■ **PROVIDED DATA**
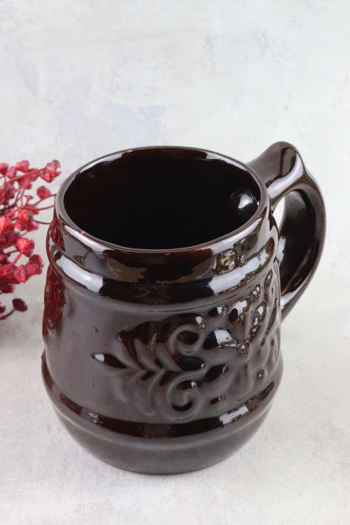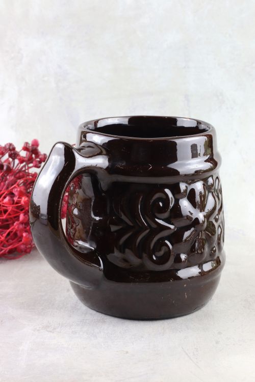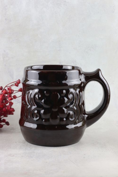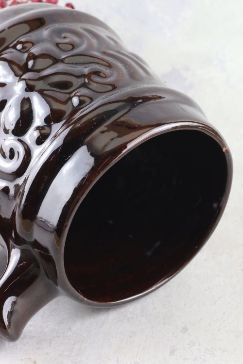 Stan dobry, ubytki szkliwa na krawędzi, zabrudzenia wewnątrz kufla.
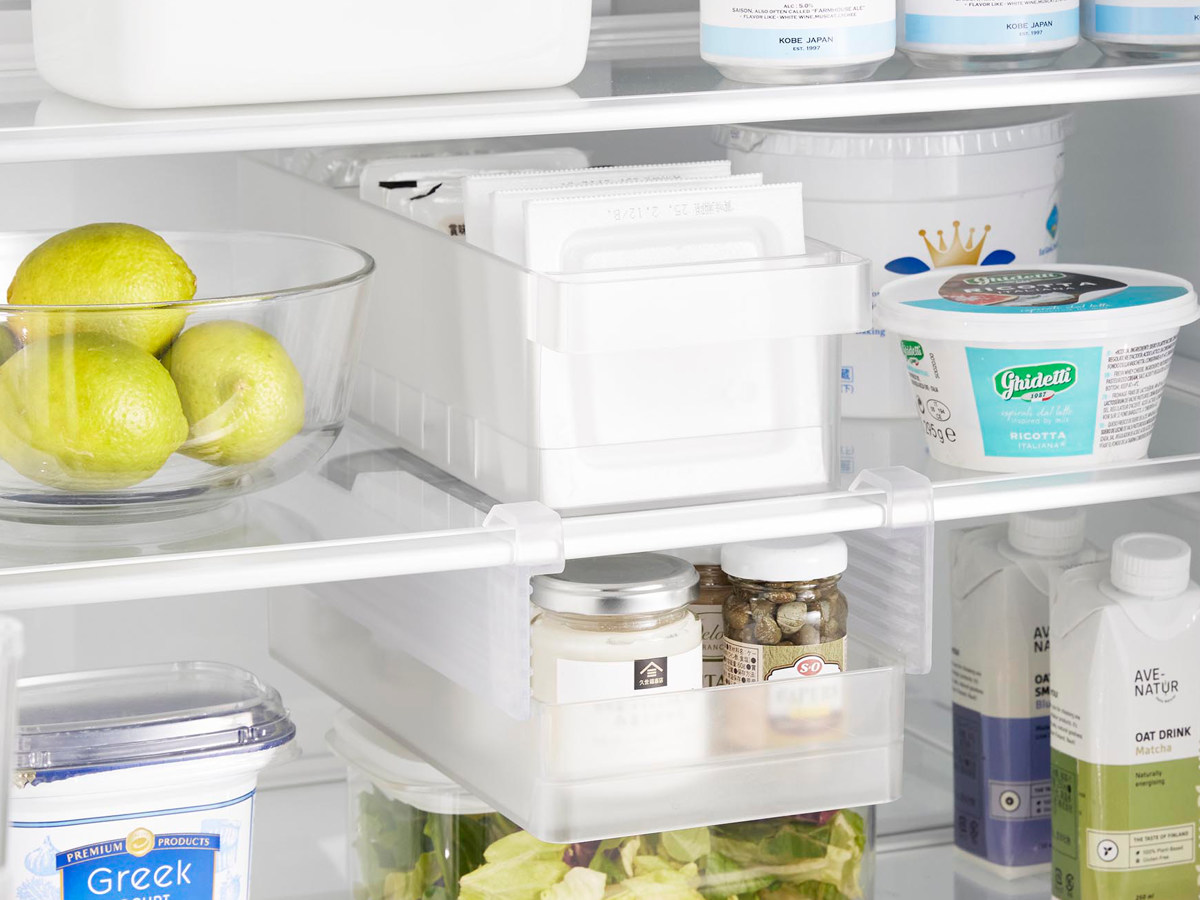 棚下収納ラックシリーズを並べて設置すると無駄な空間がなくなり、冷蔵庫の中の収納力がアップします。収納スペースを細かく分けることで食材の管理もしやすくなります。
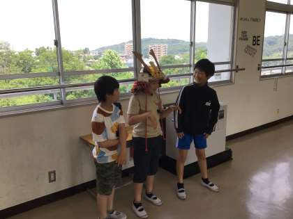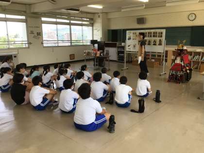 5年生の国語では、平家物語について司書さんの授業を受けました。授業ではレプリカの甲冑を観察しながら、倶利伽羅峠の戦いや一ノ谷の戦いなどにについて学びました。実際に甲冑を身につけることで、その重さを実感している児童の姿が見られました。

■ **EXERCISE OBJECTIVE**
Return the full listing exactly as it appears above, without its pictures.

■ **OUTPUT FOR THIS EXERCISE**
 Stan dobry, ubytki szkliwa na krawędzi, zabrudzenia wewnątrz kufla.
 棚下収納ラックシリーズを並べて設置すると無駄な空間がなくなり、冷蔵庫の中の収納力がアップします。収納スペースを細かく分けることで食材の管理もしやすくなります。
 5年生の国語では、平家物語について司書さんの授業を受けました。授業ではレプリカの甲冑を観察しながら、倶利伽羅峠の戦いや一ノ谷の戦いなどにについて学びました。実際に甲冑を身につけることで、その重さを実感している児童の姿が見られました。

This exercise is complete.